Supplied material:
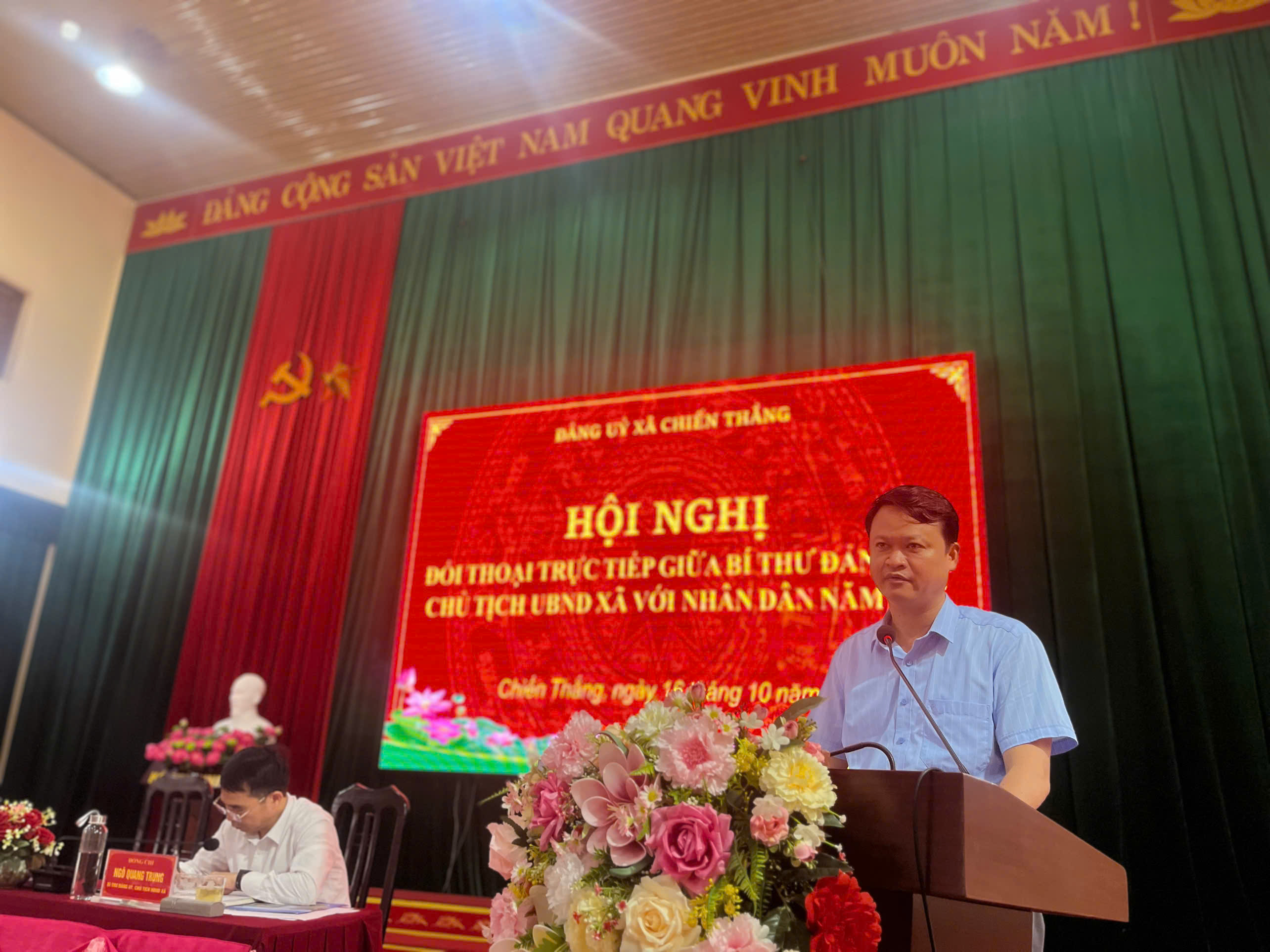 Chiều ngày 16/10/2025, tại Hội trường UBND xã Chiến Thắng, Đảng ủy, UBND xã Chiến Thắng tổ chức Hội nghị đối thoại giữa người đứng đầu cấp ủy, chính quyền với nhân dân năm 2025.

...

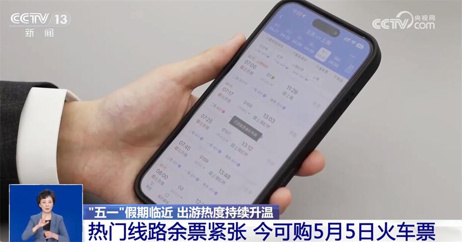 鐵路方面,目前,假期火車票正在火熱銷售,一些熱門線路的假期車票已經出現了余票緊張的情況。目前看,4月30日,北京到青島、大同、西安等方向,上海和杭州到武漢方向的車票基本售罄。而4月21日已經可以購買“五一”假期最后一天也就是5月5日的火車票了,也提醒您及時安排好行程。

---

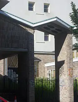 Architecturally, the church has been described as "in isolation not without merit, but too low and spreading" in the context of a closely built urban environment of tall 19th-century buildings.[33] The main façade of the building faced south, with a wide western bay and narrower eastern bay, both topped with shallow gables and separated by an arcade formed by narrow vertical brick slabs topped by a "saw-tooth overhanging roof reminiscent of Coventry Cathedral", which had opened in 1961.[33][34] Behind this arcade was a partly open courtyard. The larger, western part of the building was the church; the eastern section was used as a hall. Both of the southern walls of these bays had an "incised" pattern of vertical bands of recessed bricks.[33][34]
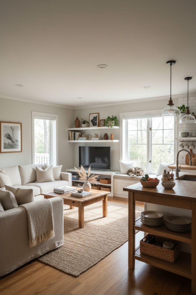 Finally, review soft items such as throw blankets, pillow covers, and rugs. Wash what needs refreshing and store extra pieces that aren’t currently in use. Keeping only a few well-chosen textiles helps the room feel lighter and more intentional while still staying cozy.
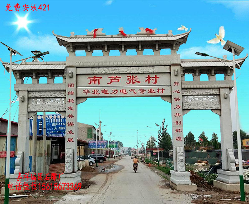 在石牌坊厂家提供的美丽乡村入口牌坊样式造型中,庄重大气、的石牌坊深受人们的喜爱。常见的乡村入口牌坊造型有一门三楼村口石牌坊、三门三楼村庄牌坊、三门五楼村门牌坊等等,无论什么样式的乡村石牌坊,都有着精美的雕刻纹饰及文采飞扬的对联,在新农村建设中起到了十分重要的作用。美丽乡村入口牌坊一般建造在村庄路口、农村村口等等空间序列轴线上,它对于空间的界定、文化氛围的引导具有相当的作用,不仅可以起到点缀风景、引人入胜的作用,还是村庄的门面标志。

Prompt:
Take the material above from the line containing "Finally, review soft" up to and including the line containing "在石牌坊厂家提供的美丽乡村入" and retype it exactly, without any pictures.

Written answer:
 Finally, review soft items such as throw blankets, pillow covers, and rugs. Wash what needs refreshing and store extra pieces that aren’t currently in use. Keeping only a few well-chosen textiles helps the room feel lighter and more intentional while still staying cozy.
 在石牌坊厂家提供的美丽乡村入口牌坊样式造型中,庄重大气、的石牌坊深受人们的喜爱。常见的乡村入口牌坊造型有一门三楼村口石牌坊、三门三楼村庄牌坊、三门五楼村门牌坊等等,无论什么样式的乡村石牌坊,都有着精美的雕刻纹饰及文采飞扬的对联,在新农村建设中起到了十分重要的作用。美丽乡村入口牌坊一般建造在村庄路口、农村村口等等空间序列轴线上,它对于空间的界定、文化氛围的引导具有相当的作用,不仅可以起到点缀风景、引人入胜的作用,还是村庄的门面标志。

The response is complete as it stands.